History: Ludington Infirmary is a large-scale institutional building in the Colonial Revival-style, built to care for increasing numbers of bedridden patients. The tapestry brick building is built into the hillside. It sits on a square cut ashlar foundation and features a flat roof sheltered by a parapet. In contrast to Reid, Ludington features a five-pavilion cottage plan. The long rectangular building is divided into five alternating recessed and projecting pavilions. On the long horizontal elevations, the central and end pavilions are distinguished by two-story porches, except for the central bay, which features an entrance sheltered by a wooden portico. There are also two-story porches on the shorter, end elevations. The primary elevation is oriented to the view of the Saranac River valley and the mountains beyond. The central porch on this elevation features a pedimented roof supported on Doric columns. The temple-front porch is flanked by two semi-octagonal porches. Porches on the side elevations are square and feature flat roofs. Windows are regular and feature double-hung six-over-six sash. Most of the porches have been enclosed.

A published plan of the first floor illustrates how the cottage idea was carried out in a larger building. According to the architect-authors, "in the design of the Ludington Infirmary, which accommodates thirty-two patients, plenty of light and air is provided throughout the building by separating the porches. Classification of the patients can be worked out better with this arrangement, as well as better control than where porches are continuous across all the patients' rooms." 1

Marguerite Armstrong commented: "The design and execution reflect great credit on the architects, Scopes and Feustmann, who have long specialized in sanatorium construction from intimate knowledge of the needs." 2

As they did in Will Rogers Hospital in the village, Scopes and Feustmann oriented Ludington's central pavilion toward the view of the Saranac River valley and the mountains beyond, while the main entry door is opposite on the back of the building. This is typical of architects' treatments of all types of buildings on scenic Adirondack sites: the principal facade faces the view, which is not necessarily the main approach to the building.

Ethel Saltus Ludington was a patient who died in 1922. As her husband, Charles H. Ludington, was vice president and treasurer of Curtis Publishing Company in Philadelphia, she was too well-off to be admitted to semi-charitable Trudeau Sanatorium and probably took the cure in a private family house. On a map of Highland Park drawn after 1911, the property at 12 Old Military Road is labeled "Mr. C. H. Ludington." In a letter to Dr. Baldwin dated March 7, 1923, regarding his gift of the infirmary in his wife's memory, Charles Ludington described the building as "designed to help others win a fight which she herself had to meet and which she maintained with such gallantry and such victorious self-forgetfulness and cheer to the end." Also given in her memory were an addition to the Saranac Lake Free Library for a children's library (1924), where a large bronze plaque memorializes Mrs. Ludington; two other libraries elsewhere, and a substantial gift to the Henry Phipps Institute for tuberculosis at the University of Pennsylvania.
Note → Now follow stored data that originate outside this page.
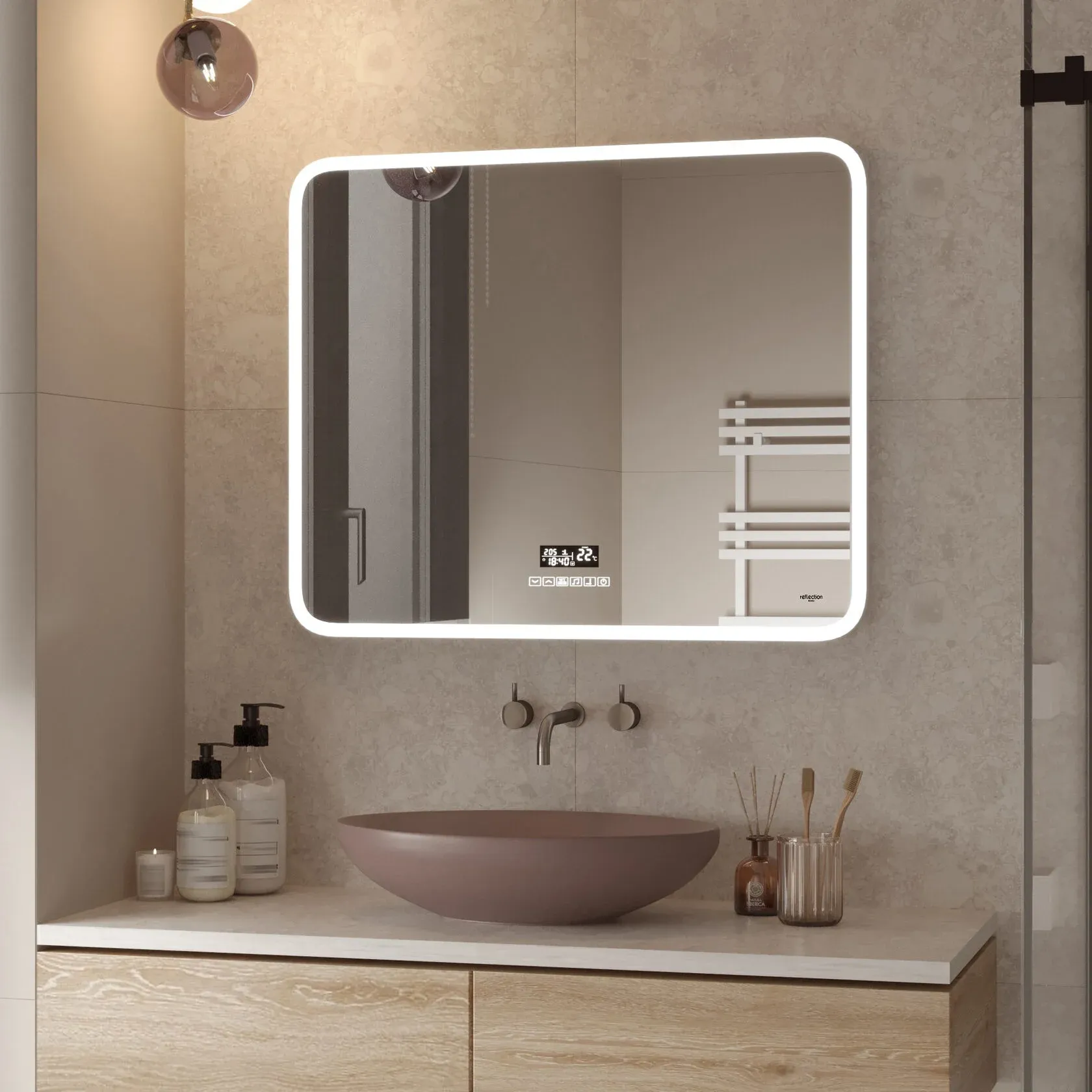 Предлагаем вашему вниманию зеркало с LED подсветкой, медиасистемой с Bluetooth, FM приемником часами, термометром и системой антипар Reflexion Party 900х700
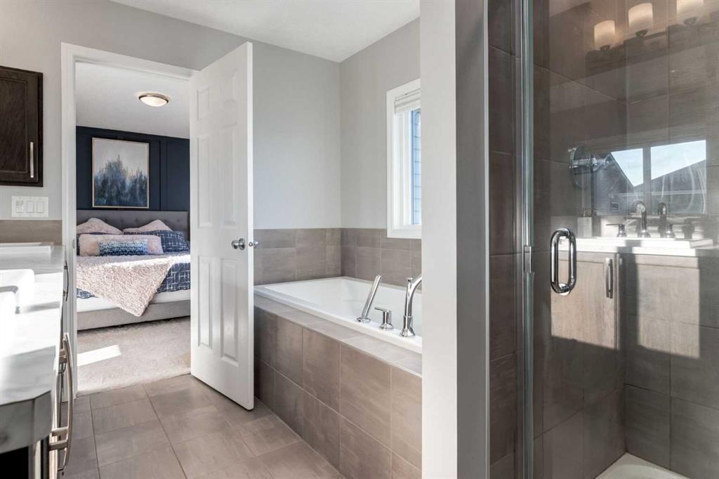 OPEN HOUSE: Saturday January 24th between 1-3pm. Welcome to this beautiful two storey home located in the desirable community of Sunset Ridge. This fully finished detached home offers over 2500sq ft of developed living space, featuring four bedrooms and three and a half bathrooms, perfect for families of all sizes. A bright, open-concept main floor showcases hardwood flooring and expansive windows that fill the space with natural light. The well appointed kitchen boasts dark maple cabinetry, gas cooktop, quartz countertops, stainless steel appliances with built-in microwave and oven, and a spacious walk-in pantry. The adjacent dining area opens to sliding patio doors leading outside to the fully landscaped, south-facing backyard, complete with a two-tiered deck; ideal for entertaining, relaxing, or enjoying sunny afternoons. An inviting living room features an electric fireplace framed by a stone surround, adding warmth and character to the space. Completing the main level is a convenient two-piece bathroom and direct access to the double attached garage. Upstairs, enjoy a spacious bonus room with vaulted ceilings, perfect for movie nights or family game nights. The primary suite is a true retreat, offering a luxurious five-piece ensuite with soaker tub, separate shower, double vanity, and a generous walk-in closet. Two additional bedrooms, a full bathroom, and convenient upper-floor laundry complete this level. The fully developed basement adds even more living space, featuring a recreation area, wet bar, three-piece bathroom, and an additional bedroom with a murphy bed; ideal for guests or a home office. Designed with sustainability in mind, this home is solar-ready for future energy efficiency and cost savings. Located just a short walk to the K–8 school and steps from parks and scenic pathways. Everyday conveniences, including a gas station, pub, and corner store, are close by, while quick access to Calgary and the Rocky Mountains adds to the appeal. Offering the perfect blend of comfort, style, and convenience, this is a fantastic opportunity in one of Cochrane’s most sought-after communities. Don’t miss out on this exceptional home!
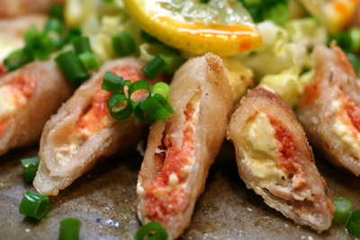 明太子とクリームチーズの組み合わせはお肉にあわせてカツにすることが多いのですが、今日は
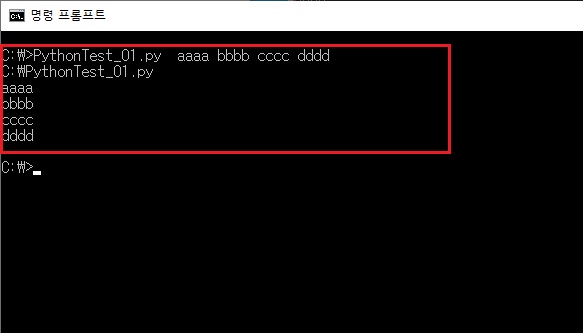 인덱스 [0] 부터 순서대로 파이썬파일명, 첫번째 매개변수, 두번째 매개변수, 세번째 매개변수, 네번째 매개변수 순으로 출력이 됩니다.
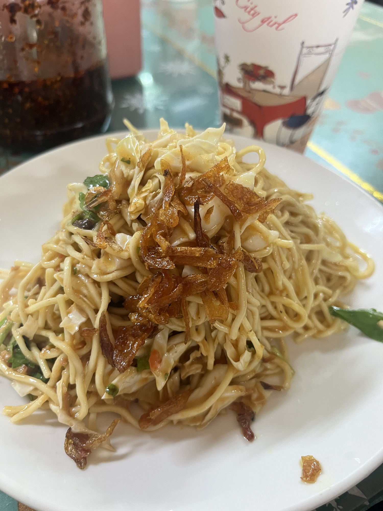 反而店內賣的緬甸風味仰光果酸乾拌麵,份量80元一大盤,搭配桌上的炒辣椒,酸甜滋味加上辣椒香,解膩又順口,非常推薦這個吃法。
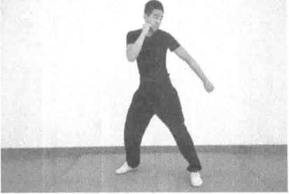 (一)撩拳1 左后撩拳动作要领左格斗势起。上体向右后转体两腿屈膝上体前俯略向内含胸。左拳向内经腹前向下从身体左侧下方向后上方撩出。左拳撩出后左肩向后顺肩拳心向内拳眼向下着力点为左拳轮右臂屈肘内收右拳置左下颌向左后目视左拳。(图7-1-13)要点向后撩拳时右脚掌蹬地左胯向左后拧头稍向下低两腿稍屈膝为腿法反击做准备°此拳也可以经体侧向后揣出或反臂直臂打出。向后揣出为后揣拳,反臂打出为反背锤。用掌撩出为后撩掌。2 右后撩拳动作要领右后撩拳要领与左后撩拳相同方向相反。
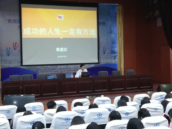 袁星红以青年学生成才过程的“忙-茫-盲”这个生活哲理问题为切入点,结合“成功的九大思维模式”和“大学生的人生蓝图设计”,从青年学生成才的动机、特质和成才途径等方面,援引大量生动现实的例子和数据为同学们全面剖析了“成功的人生一定有方法”这一问题。袁星红用生动而朴实的语言讲述了自己的求学、为事业奋斗的成长经历,并用真实感悟与青年大学生无私的畅谈与分享,还鼓励同学们心中要有梦想,要端正成才动机,培养自身韧性,积极参与实践。
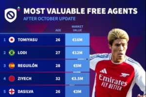 體育資訊10月21日訊 德轉(zhuǎn)更新自由球員身價排行榜,富安健洋1600萬歐居首,雷吉隆、齊耶赫、帕科位居前十位。
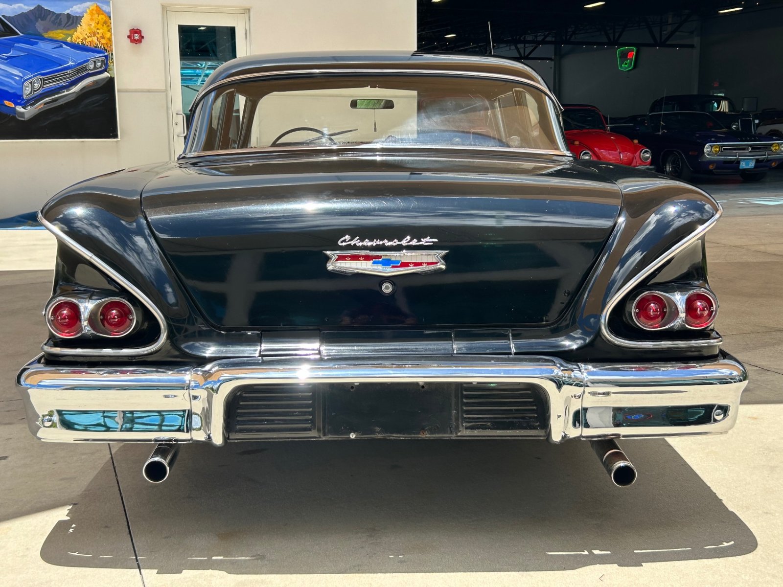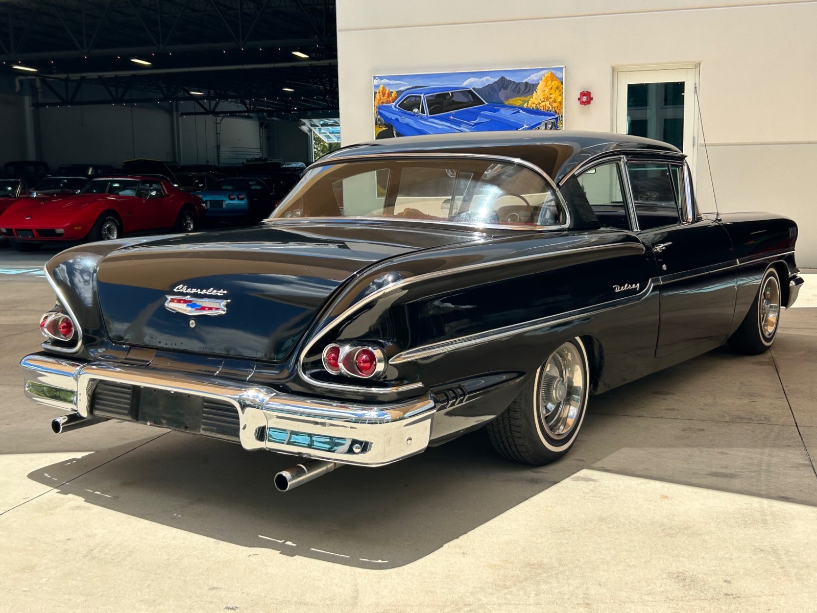 The exterior showcases the 1958 Chevrolet’s iconic broad chrome grille, quad headlights, deeply sculptured rear fenders, side moldings, and Delray badging, all finished in sleek black paint.
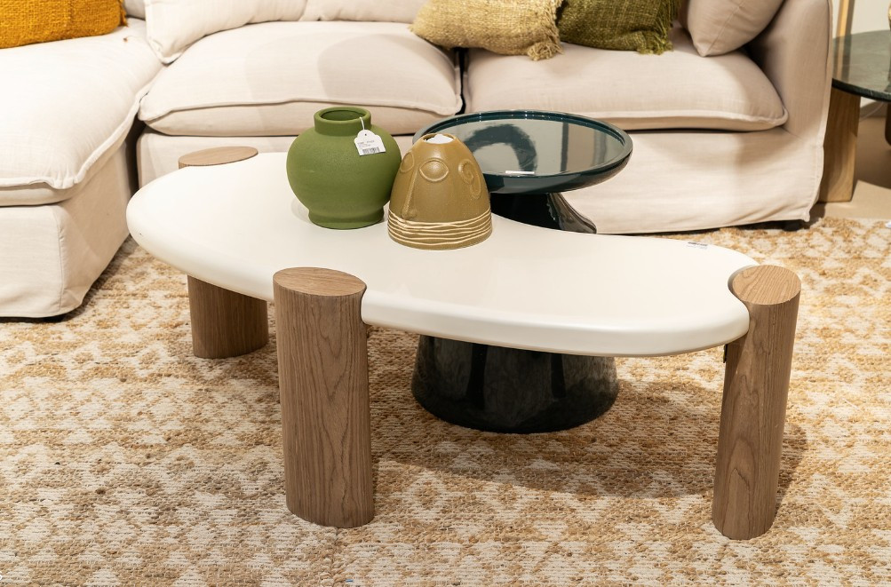 Table de salon style organique forme haricot
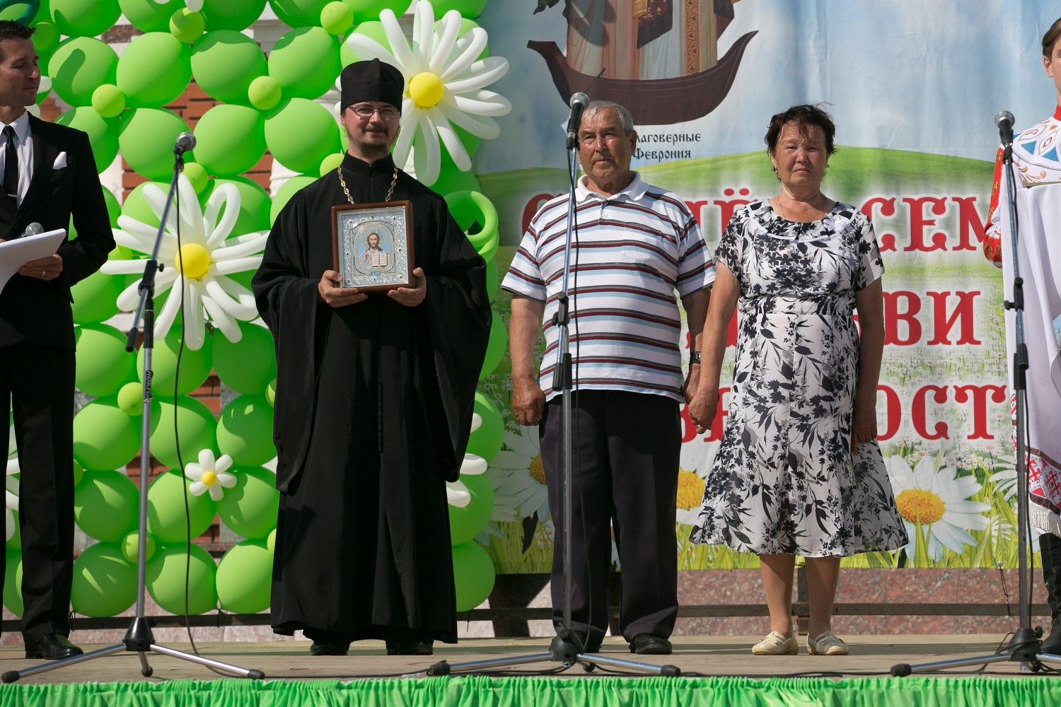 В 13.00 на главной сцене состоялось торжественное открытие праздника – «Дня семьи, любви и верности». От Правительства Республики с приветственным словом выступила Заместитель Председателя Правительства РМЭ Илга Дравниеце. От Марийской митрополии поздравил с праздником всех присутствующих секретарь Йошкар-Олинского епархиального управления иеромонах Серафим (Пасанаев).

The infirmary opened April 10, 1926, and all beds were immediately filled. Dr. Norman Bethune, the Canadian surgeon who became a hero of the Chinese Communist Revolution, spent a month in Ludington Infirmary in the winter of 1926-27, before moving to the Lea Cottage, which has been torn down. 3 Isabel Smith, the author of a memoir of her 26-year cure titled Wish I Might, wrote eloquently of the view from her porch at Ludington. Alfred Eisenstaedt photographed her there for Life magazine, looking out of her window at the mountains. Saranac Lake newspaper columnist Bill McLaughlin also spent time in Ludington Infirmary.